Firstly, neither of the statutes under which Ms Meshram brought her claims contains within them a provision to that effect. It was open to the Parliament when conferring jurisdiction in respect of the RD Act and the SD Act to make special costs provisions (for example like those in s 570 of the Fair Work Act 2009 (Cth) (FW Act)) such that costs liability would only be enlivened in certain circumstances (for example where the proceeding were instituted vexatiously or without reasonable cause). The absence of any such provisions in the RD Act and SD Act has the effect that the usual principles should be considered as applying: see Fetherson v Peninsula Health (No 2) (2004) 137 FCR 262 (Fetherson) at [9] per Heerey J. Ms Meshram did not bring any claims under the FW Act.
In Fetherson (supra) the Federal Court considered a contention that the human rights jurisdiction of this Court[155] was usually considered to be a no cost jurisdiction, in support of which contention reliance was placed on the decision of Raphael FM (as his Honour then was) in Tadawan v State of South Australia [2001] FMCA 25 at [62] that:
The [Federal Magistrates] Court has accepted that these matters were normally considered to be ‘no cost matters’ as evidenced by the practice of State Tribunals and the fact that there was no power in HREOC to award costs.
[155] Specifically its predecessor, the Federal Magistrates Court
That contention was said in Fetherson (at [6] per Heerey J) to have been:
firmly rejected within the Federal Magistrates Court itself. In Ball v Morgan [2001] FMCA 127 McInnis FM said at [83]:
The suggestion that human rights matters are normally to be considered as ‘no costs’ matters is therefore in my opinion misconceived and cannot be regarded as an appropriate legal principle to be applied in human rights applications.
Heerey J went on in Fetherson at [7] to [8] to find as follow:
Single judges of the Federal Court have proceeded to deal with costs on a basis which plainly recognises that the Court has power to award costs and, generally speaking, they should be ordered in favour of the successful party, although discretionary factors may lead to a different result: Physical Disability Council of New South Wales v Sydney City Council[1999] FCA 815, Tate v Rafin[2000] FCA 1582 at [71].
The general rule is that a wholly successful defendant should receive his or her costs unless good reason is shown to the contrary: Milne v Attorney-General (Tas) (1956) 95 CLR 460 at 477. As Dawson J said in Latudis v Casey (1990) 170 CLR 534 at 557, the discretion as to costs remains absolute and unfettered but it is to be exercised judicially, that is to say
… not by reference to irrelevant or extraneous considerations but upon facts connected with or leading up to the litigation.
There being no default proposition that human rights proceedings are held safe from costs, the question of whether or not there is some public interest aspect to the litigation which would result in an otherwise successful party being denied their costs (or as is contended for by Ms Meshram, that the Court would not even entertain such an application), is within the discretion conferred on the Court in relation to costs.
There are no prescribed factors which go towards establishing whether or not proceedings can be considered to have been brought in the public interest.
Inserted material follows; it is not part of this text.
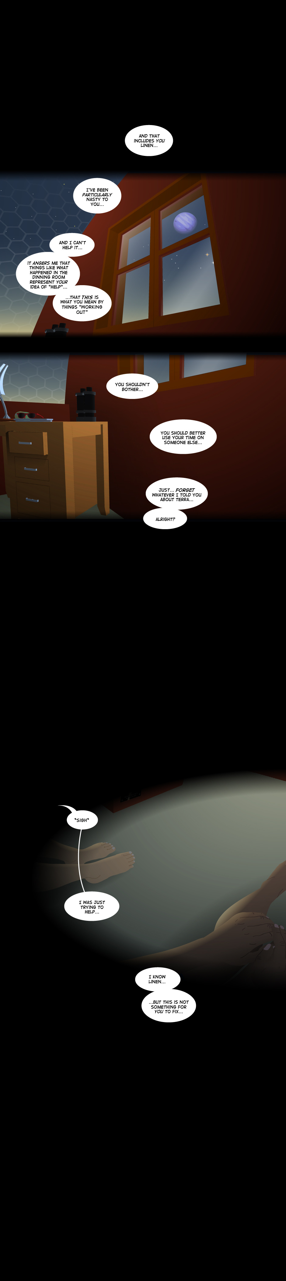 In a way this episode marks the end of the Terra story arch, if we could call it like that. Of course, that is not to say that Cyan is "okay" with that whole issue from now on. Oh no. No sir. But at least by now I can more-or-less promise that the story shifts gears somehow. For one thing, it is daylight at last! Woohoo! 12 story-days of sunlight without a pause from now on.

There is also caution to be exercised in looking to other cases for analogy: see Fetherson (supra) at [12]. However, there are factors which seem to regularly inform whether or not a case is brought in the public interest to a sufficient degree so as to warrant departure from the general principle that costs follow the event.
While it can be accepted that human rights cases within the jurisdiction of this Court may involve aspects of public interest, not all do. In the present case, I am not satisfied that there is any basis upon which to conclude that the proceedings were brought in the public interest such that the Court would decline to hear any application for costs on the basis that those costs ought not follow the event.
The reasons for that conclusion include that:
(a)Ms Meshram has been wholly unsuccessful in establishing her claims, the converse of which is that the respondents have been wholly successful;
(b)these proceedings have raised no novel and/or important questions of law or statutory interpretation in respect of racial or sex discrimination, nor sexual harassment. The proceedings involved only the application of the legislation and existing case law to the facts of the present case once found;
(c)relevantly in respect of those findings, the allegations themselves were not established;
(d)the relief sought by the proceedings was solely by, and for the benefit of, Ms Meshram, including financial gain; and
(e)Ms Meshram is the sole applicant in the case. The proceedings and their subject matter were not brought by Ms Meshram as the representative for any particular group or category/ies of persons including Indians, women, or a combination of both.
I am not satisfied that these proceedings can, or should, be construed as anything other than a personal action on Ms Meshram’s part.
In all the circumstances of this case, it is not one which constitutes public interest litigation for the purposes of any consequential costs argument, such that the argument itself should be foreclosed. I will make orders to the effect that any costs applications be made and prepared for hearing in an efficient way.
CONCLUSION
Ms Meshram has wholly failed to establish the contraventions alleged by the Further Amended Application, and it must be dismissed. I will so order.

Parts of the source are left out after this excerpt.